2. The petitioners learned Advocate has advanced two submissions. First of them is that he has emphasized the factual position namely that the petitioners are persons who were rendered landless as a result of the acquisition, that they migrated from that place and having regard to their illiteracy and economic conditions that the delay that has occurred should not be held against them. He submits that Section 28(A) does make provision for extension of time in so far as the time period for obtaining the copy of the judgment etc. are required to be excluded. Certain reasons have been set out by the petitioners in their applications which are marginally outside the three months time limit because the High Court has disposed of the matter on 11.7.86. Applying the proviso to Section 28(A)(1), I am not inclined to uphold the plea canvassed by the respondents that the applications are not maintainable because they are time barred. To my mind, the applications will have to be treated as having been made within the time prescribed by Section 28(A).
3. On the more important aspect, petitioners, learned Advocate submitted that the reasoning of the learned Trial Judge is erroneous. He submits that the Division Bench ruling referred to by me earlier of this Court, has wrongly been applied by the learned Trial Judge to the facts of the present case. Learned Advocate submits that the ruling would apply in all such cases where the award has become final prior to 24.9.84 when Section 28(A) came into force. He contends that in the present instance, the High Court finally disposed of the proceedings only on 11.7.86 which is quite long after Section 28(A) came into force and that therefore there can be no dispute about the fact that the provisions of that Section would apply to the petitioners cases.

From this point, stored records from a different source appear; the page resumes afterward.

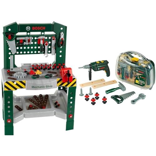 Theo Klein 8485 Bosch arbetsbänk nr. 1 | Inkl. batteridriven skruvdragare | Leksak för barn från 3 år & Theo Klein 8416 Bosch verktygsväska | Verktygssats i 16 delar | Leksak för barn från 3 år
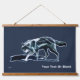 Ein geistreicher, dunkler Wolf (Canis lupus) wirft einen Mondlichtschatten, während er sich über das Land bewegt. Fügen Sie Ihren eigenen Text hinzu. Sie können den Schriftart des Textes sowie die Farbe des Textes und des Hintergrunds ändern.
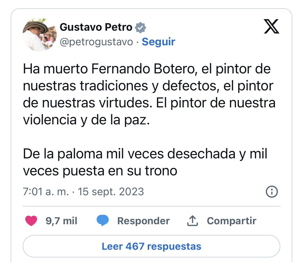 “Ha muerto Fernando Botero, el pintor de nuestras tradiciones y defectos, el pintor de nuestras virtudes. El pintor de nuestra violencia y de la paz. De la paloma mil veces desechada y mil veces puesta en su trono”, manifestó en redes sociales el presidente colombiano, Gustavo Petro, haciendo alusión a la paloma que se exhibe en la Casa Nariño (sede presidencial) y que el artista regaló para conmemorar el acuerdo con las FARC de 2016.
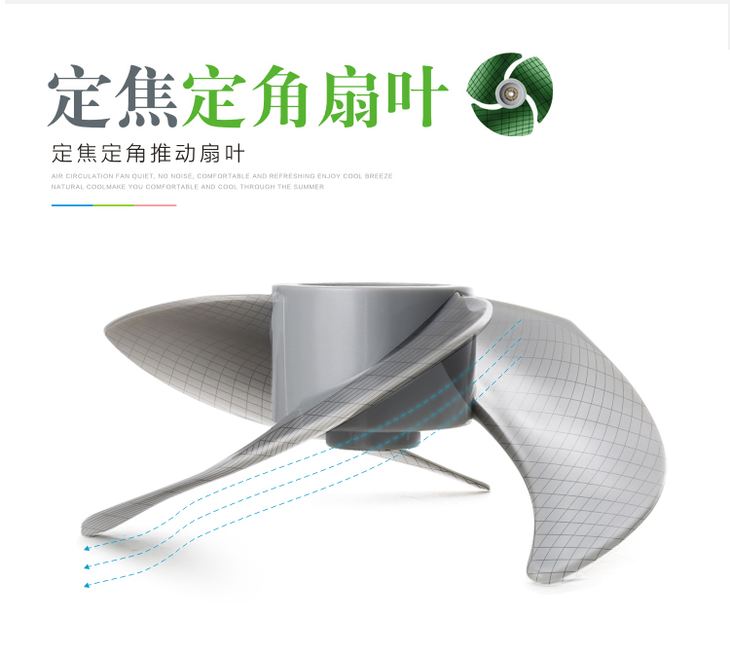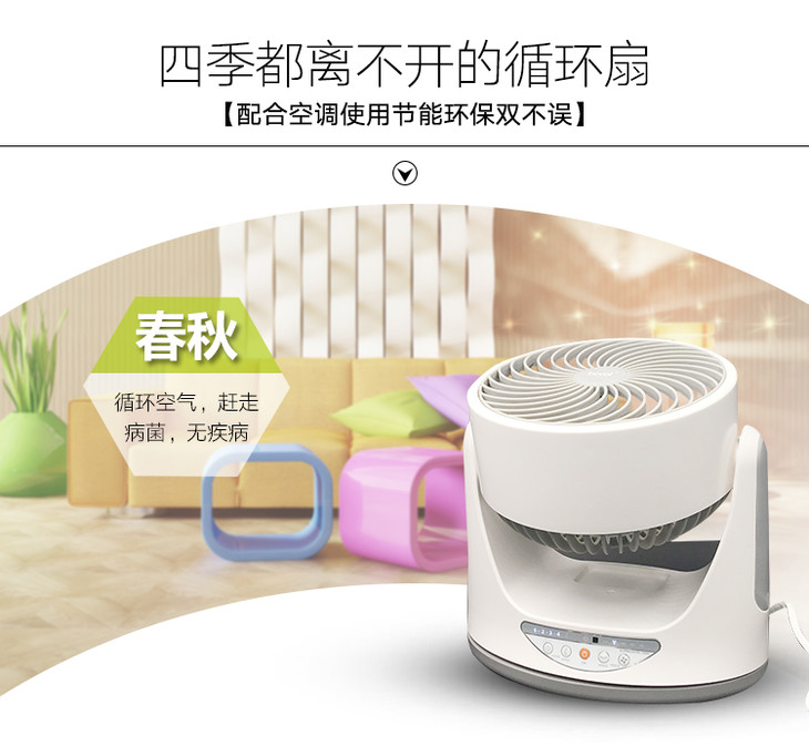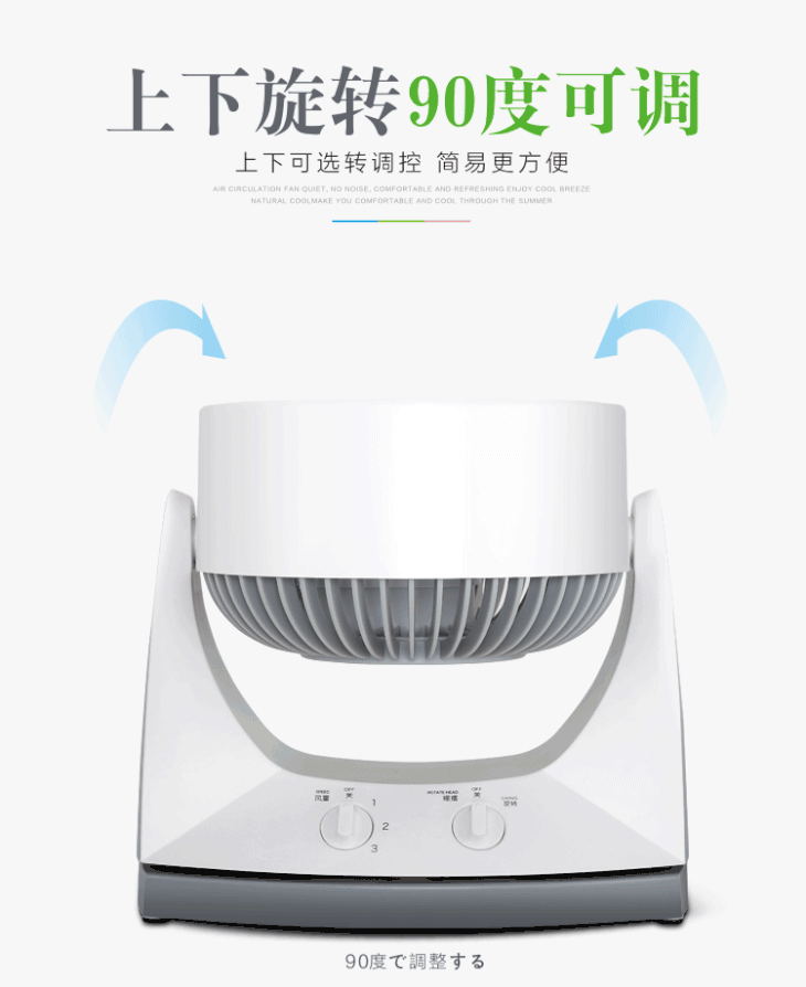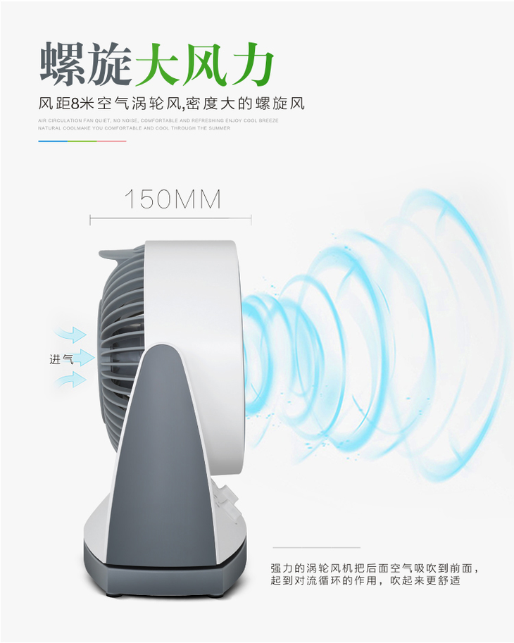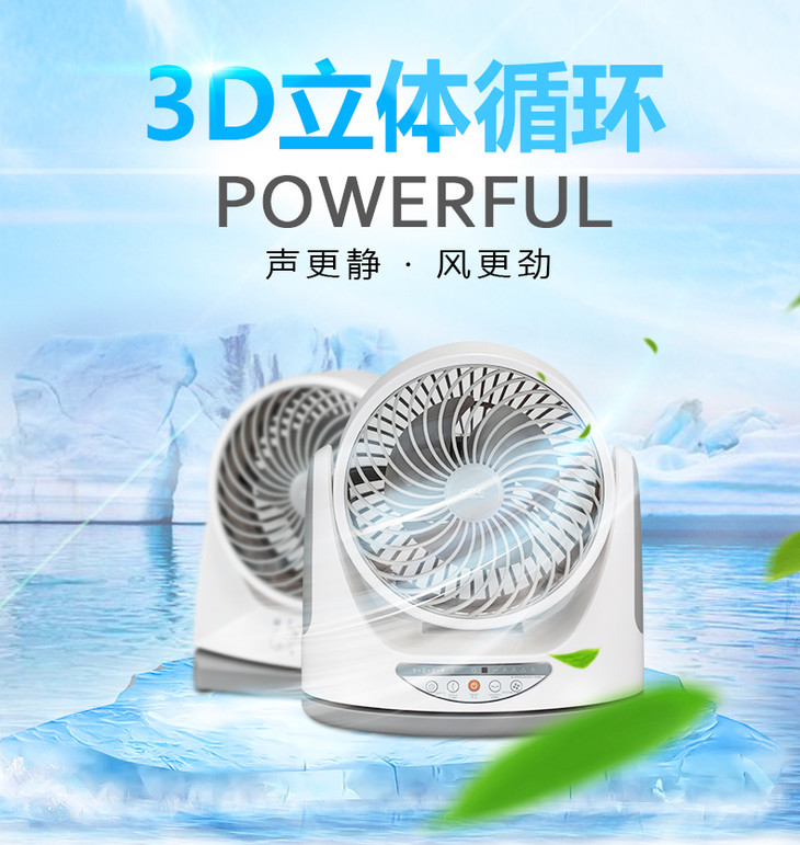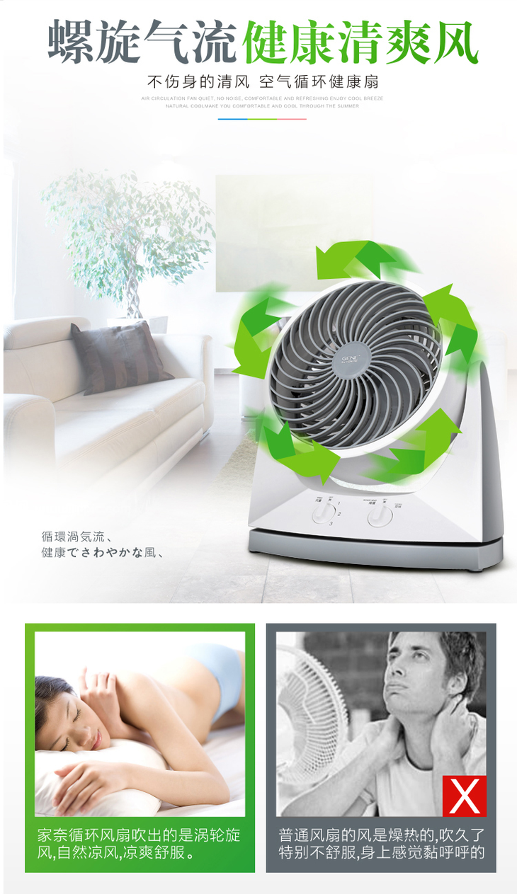循环扇风是螺旋风柱,风力集中,成直线型,密度大,吹到身上如同一丝一丝自然风吹在身上,清凉舒适!
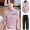 Blusa de Tricô de Outono da Mamãe 2025 Nova Primavera e Outono Elegante para Mulheres de Meia-Idade e Idosas Conjunto de Camiseta de Manga Longa
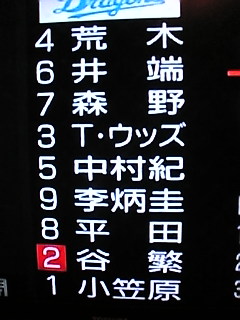 <本塁打>ウッズ1号2点(下柳)=1回・森野1号3点(久保田)=6回
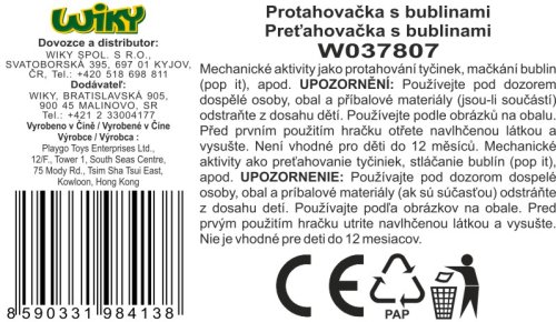 Playgo Protahovačka s bublinami. Velikost 16 cm. 6 protahovacích tyčinek, 6 práskacích bublin pop it, kousátko, cvakací kometa.
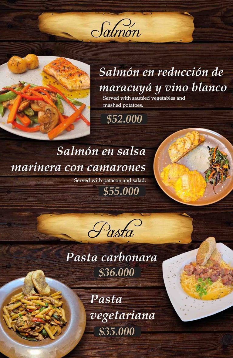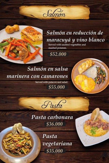 Ofrecemos un menú diverso que incluye cortes de carne, salmón, pastas y opciones vegetarianas y veganas. Sabores para todos los gustos, preparados con pasión.
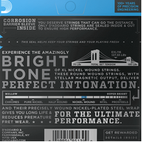 XL Nickel Wound, D'Addario's most popular electric guitar strings, are precision wound with nickelplated steel onto a carefully drawn, hexagonally shaped, high carbon steel core. The result, strings with long lasting, distinctive bright tone and excellent intonation, is ideal for the widest variety of guitars and musical styles.
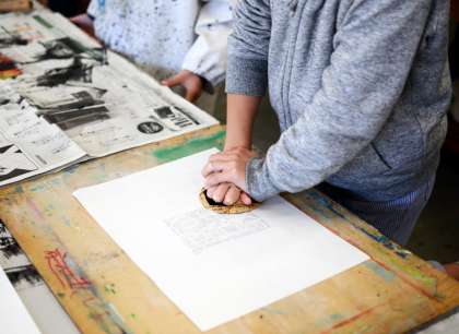授業では、わたしたちの生活に欠かせない印刷技術の“原点”を体験し、一枚の版から同じものが何枚も刷れる“複製のおもしろさ”も実感としてつかんでほしいなと思っています。(図工専科)
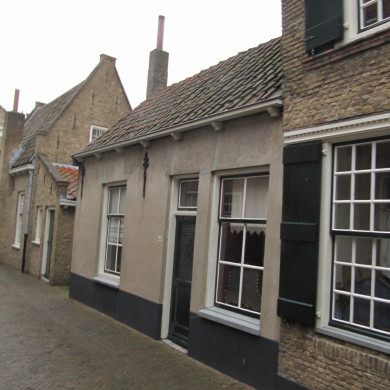 17e-Eeuws PAND MET TRAPGEVEL, welks versierd wordt door geprofileerde waterlijsten, ontlastingsbogen en een gemetselde toppilaster op console. De achtergevel wordt gevormd door de noordmuur van het overigens gesloopte koor der Hervormde Kerk.
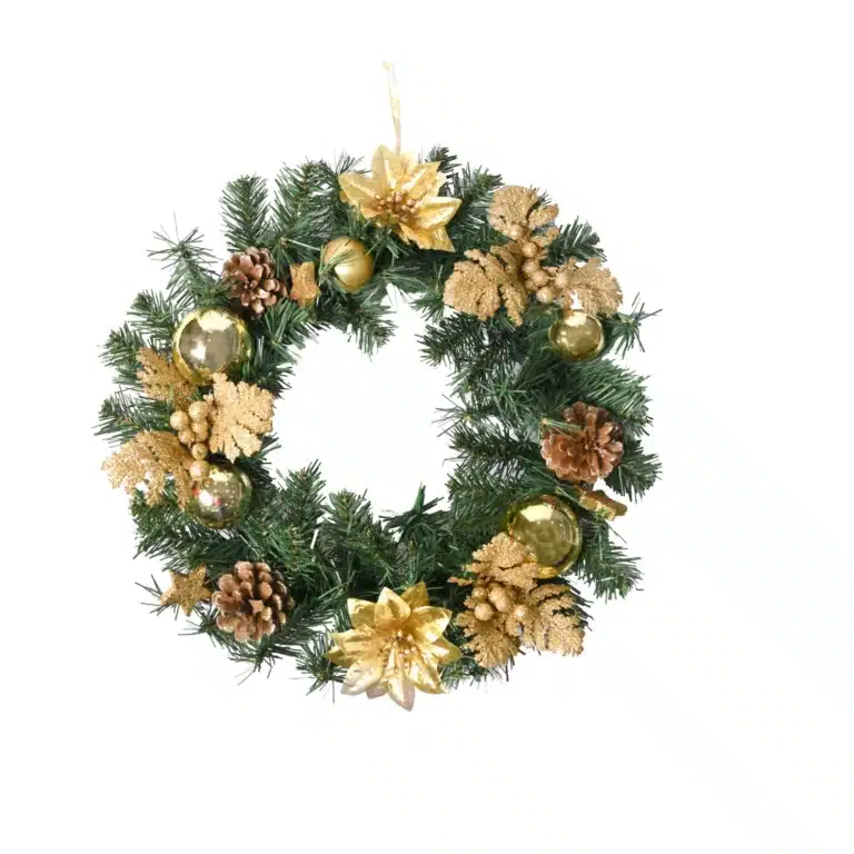 Couronne de fleurs avec décorations dorées 45cm vert CARREFOUR

4. This contention has been vehemently opposed by the learned Government Advocate as. also by the learned Advocate who represents R-2 namely K.S.R.T.C. They have both advanced submissions more or less along common lines whereby they have contended that the Division Bench judgment applies very clearly to the facts of the present case. They demonstrate that the award was made in the year 1963 and that the District Court disposed of the matter in 1977 which was 7 years prior to Section 28(A) coming into operation. It is their contention that merely because some of the parties went in appeal to the High Court and the High Court had occasion to modify the original award as far as the quantum of compensation was concerned, that this would not make any difference to the case because the date on which the Reference Court disposed of the matter is what is material. They have contended that consequently the order passed by the Trial Court does not deserve to be interfered with. The learned Advocates advanced one more submission namely that unless the Court upholds this view, that in effect it would conflict with the ratio of the Division Bench decision because it would virtually apply to a large number of cases in which the awards were made prior to Section 28(A) coming into operation and merely because those proceedings were pending before some appellate forum on that date, that it would create an incongruous situation in respect of cases long before the provision came on the statute book. They submitted that it was for this reason that the Division Bench very clearly laid down the law and that the date on which the award was made or the date on which the Reference Court disposed of the matter is the material date.
5. The real question is as to whether on the facts of the present case the applications were maintainable or not. I have already held that the three months period within which the applications should have been filed cannot be rigorously enforced against the present petitioners because there is ample reason in the grounds set out by them and hence, they would have to be treated as having been made within the prescribed period of time. Whether however Section 28(A) applies to the present case is the real issue. We have on the one hand the Division Bench decision which clearly states that retrospective application cannot be given to Section 28(A), and if the date of the award which is the year 1963 or the date on which Reference Court disposed of the matter in 1977 are to be taken into consideration, the petitioners are virtually out of Court. If however the contentions advanced by the learned Advocate that the year 1986 namely the date on which the High Court disposed of the matter is the material date, then the applications would be clearly maintainable.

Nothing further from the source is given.